2 comments

  • tylermcgraw 1 hour ago
    This is the model for rare diseases that wouldn’t be profitable for pharmaceutical companies. Spinal muscular atrophy (sma) is another example that comes to mind.
    • Incipient 52 minutes ago
      That's one reason why privatised health is rubbish. "profitable" treatments should be used, in part, to subsidise the cost of unprofitable ones.
      • Aurornis 45 minutes ago
        No medical system, public or private, has infinite money.

        There will always be decisions made about which conditions get research and which don't. It's unlikely that a disease this rare would be prioritized by a purely government run system, either. There are too many more common diseases to address first.

      • renewiltord 45 minutes ago
        I frequently tell people this. We can solve so many illnesses cheaply. Instead we should charge a lot of money and spend that money on things like haemophilia that affect a few people. Imagine a world where the flu vaccine and COVID-19 vaccine cost $1000 each shot. We could mandate it and then the enormous profits we make we could dedicate to things like this family's illness. All we need is for the government to take control and jack up the prices and then to make it illegal to not get the flu shot.
        • sokka_h2otribe 32 minutes ago
          Uhh, you know you could skip the vaccine and just call it a tax..
          • renewiltord 18 minutes ago
            Then wouldn't guarantee subsidization of expensive treatments by cheap ones and therefore is fascist.
    • wjxgxey 48 minutes ago
      pfft just illusion of control theatre for people who are scared of death. Throw in some opportunists exploiting it. Just watch what happens if there are unintended side effects. Its okay to die guys. Everyone does it. The sky doesnt fall.
      • zdragnar 35 minutes ago
        Dementia is a terrible way to go, both for the people who get it and for their loved ones who are with them.

        One day, my grandmother forgot English when my uncle was visiting and kept speaking in her native tongue and got so mad because nobody understood her.

        That was one of the few amusing anecdotes from get decline. The rest are just depressing.

        Watching your father cry because he went to the hardware store and couldn't remember how to get home and had to ask an employee to call his family for him, for example, was particularly tough.

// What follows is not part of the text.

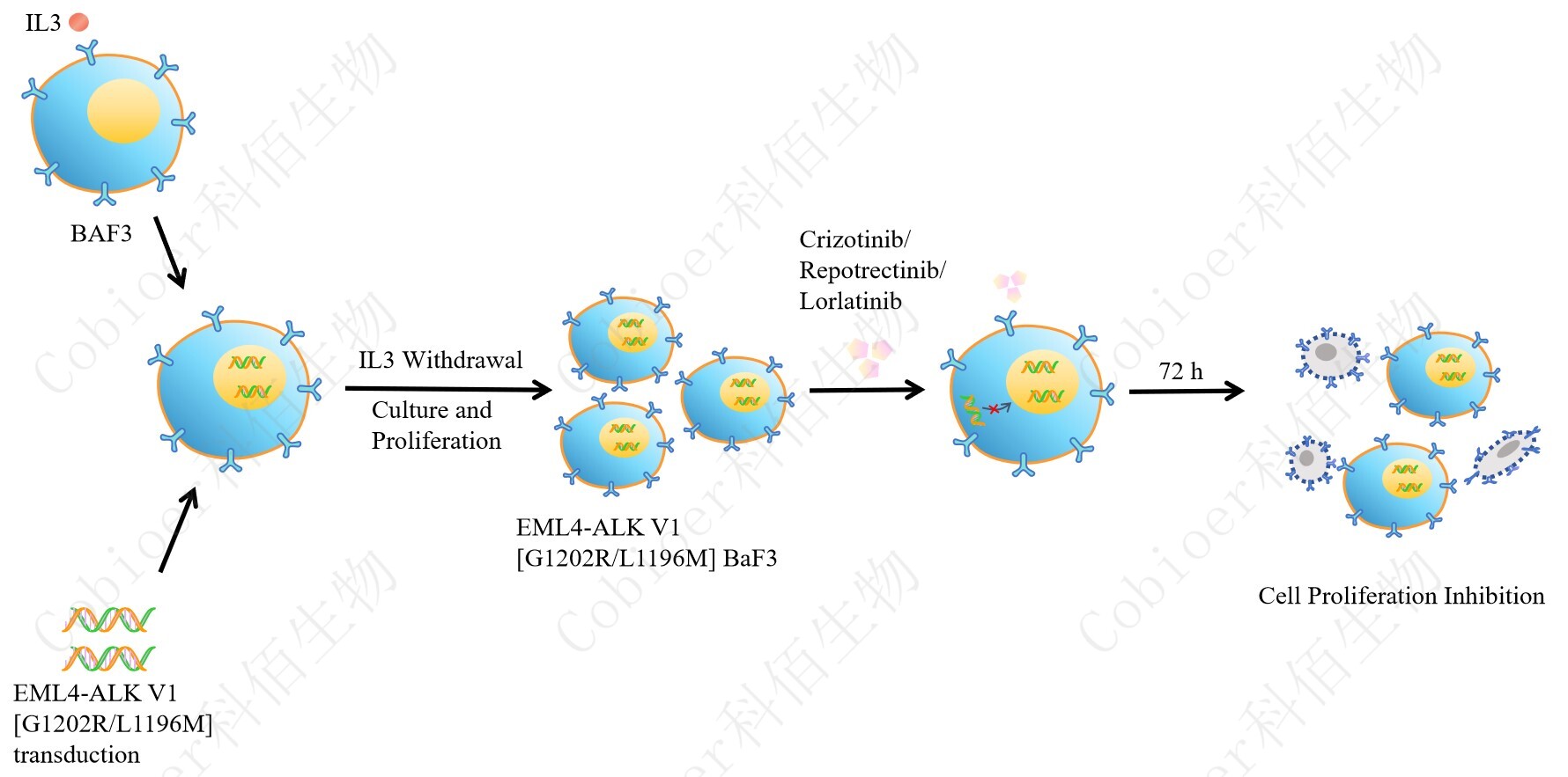 BaF3(小鼠原 B 細胞)的生長和增殖需要 IL-3 的維持。通過引入各種表達激酶的基因, 能作為 BaF3 的驅(qū)動基因,讓 BaF3 不再依賴 IL-3 而增殖,進而激酶基因成為 BaF3 增殖依 賴的驅(qū)動基因,用于評估小分子藥物對激酶的靶向抑制作用,原理及流程見下圖所示。

        • wjxgxey 29 minutes ago
          You know why that happens? Because the health care system slows natural decay rate of some subsystems (via pills/surgeries etc) while having nothing to offer for other subsystems. So rather than all subsystems decaying together we produce this mismatched state.
          • zdc1 8 minutes ago
            You can't really blame the healthcare system for this. Alzheimer's and Dementia existed before modern medicine. The reality is that many fit, active, and otherwise healthy people will hit their 60s and 70s and will experience cognitive decline and Alzheimer's.
          • temp_praneshp 20 minutes ago
            That's the response you have to the parent's anecdotes?

            I hope that one day you are not sad and angry anymore.

    • yieldcrv 54 minutes ago
      > diseases that wouldn’t be profitable for pharmaceutical companies

      I remember when that observation was discredited as a conspiracy theory

      • wat10000 49 minutes ago
        I’ve never seen that discredited. Are you confusing the obvious fact that they won’t pursue unprofitable drugs with the much more dubious idea that they won’t pursue profitable cures because ongoing treatment is even more profitable?
        • Aurornis 43 minutes ago
          The dubious idea is that eliminating private medical care systems would open up a world of research into treating very rare conditions with high R&D costs.

          If this was true, why wouldn't all of the countries with socialized medicine be doing it already?

          • paulryanrogers 22 minutes ago
            The US already was, and to since extent still does. Same in the UK and other parts of Europe. Government funds a lot of medical R&D.

            Thank them for the fundamental research that lead to the COVID vaccine.

  • georgeburdell 35 minutes ago
    I know another family like this. One partner still works, but the other one is essentially a full time advocate for an inherited disease that fewer than 100 people in the world are affected by. I don't think much money is involved, but they've changed the narrative about the disease and some researchers are taking them seriously.